Edward told the stunned nation during a radio broadcast, “I have found it impossible to carry the heavy burden of responsibility and to discharge my duties as king as I would wish to do without the help and support of the woman I love.”

In fairness, the United Kingdom has changed a great deal in nearly 80 years. If Queen Elizabeth ever decided to abdicate, it would be very different to the circumstances faced by her uncle, Edward.

Yet it’s fairly certain she’s not going to. Queen Elizabeth has the freedom to stay in her position, which would allow her to break Queen Victoria’s incredible record for longevity (63 years, 216 days) next fall. It’s her choice, and so be it.

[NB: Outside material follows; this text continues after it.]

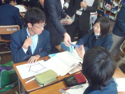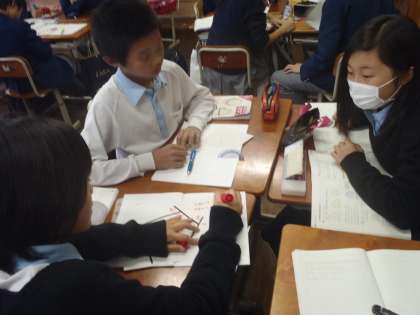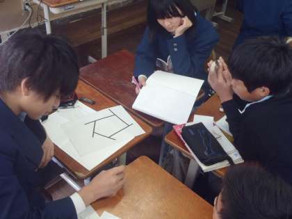 五角形の場合はどんな式になるか?4人班に分かれてグループで考えます。2年生もいくつかの教科でグループ学習に取り組んでいるため,生徒たちの話し合いもスムーズです。

By contrast, King Juan Carlos made a personal decision to end his 38-year reign. The circumstances were quite different, mind you.

The king had long been a popular monarch and was credited with re-establishing democracy in Spain after the death of a dictator, Gen. Francisco Franco. Yet his popularity began to plummet in 2012 after apologizing for taking a luxury elephant-hunting trip in Botswana during Spain’s financial crisis. The king’s rumored affair with a woman 28 years his junior, combined with a corruption scandal involving his daughter, Princess Cristina, and her husband, also damaged his reputation.

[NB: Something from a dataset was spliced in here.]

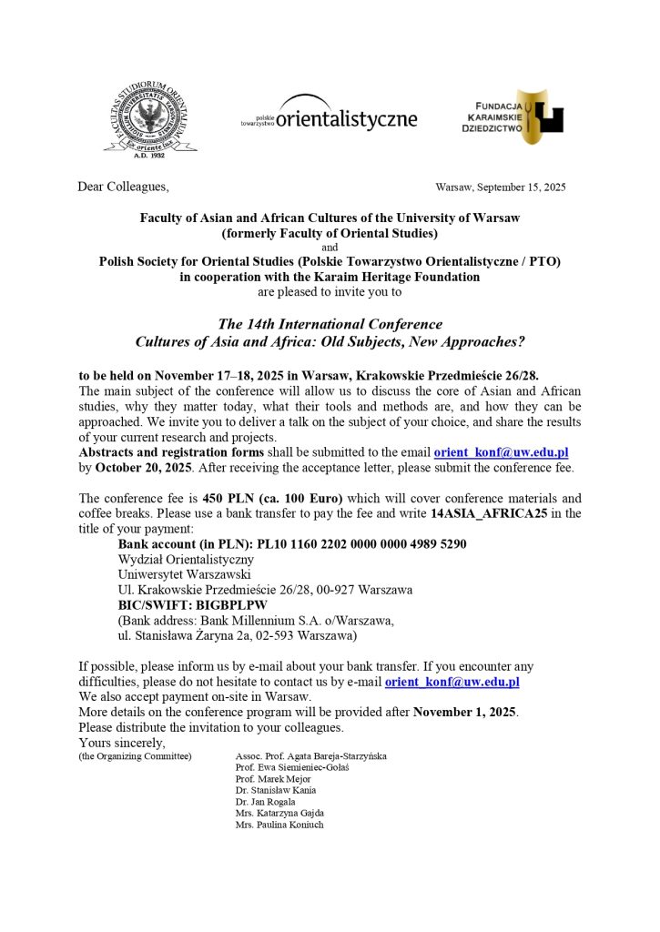 Zaproszenie do udziału w międzynarodowej konferencji „The 14th International Conference Cultures of Asia and Africa: Old Subjects, New Approaches?” (Warszawa, 17-18.11.2025)

In a recent poll by El Mundo, 62 percent of respondents fully supported King Juan Carlos‘ abdication. The Spanish newspaper reportedly thought this was his “third consecutive annus horribilis in which the gap between Spaniards and the monarchy has widened.” That’s quite a contrast from two years ago, when almost 80 percent of respondents had nothing but good things to say about their long-reigning monarch.

Hence, it appears the king chose abdication to protect what’s left of the shattered Spanish monarchy.

The 46-year-old Crown Prince Felipe and his wife, Princess Letizia (a former television newsreader and, interestingly, a divorcee) will greatly help in this regard. Their youth, vitality and exuberance have resonated with many Spaniards. They’re the potential saviors of the Spanish royal family.

In fact, there’s an astonishing similarity between the Spanish royal couple and Britain’s Duke and Duchess of Cambridge, William and Kate. I’m sure Queen Elizabeth is well aware that the fate of the British monarchy rests on this young couple’s shoulders.

None of this matters, however, since Queen Elizabeth isn’t likely to abdicate voluntarily for their sake — or anyone’s sake. She doesn’t have to, and I don’t blame her for taking this position.

Michael Taube is a contributor to The Washington Times.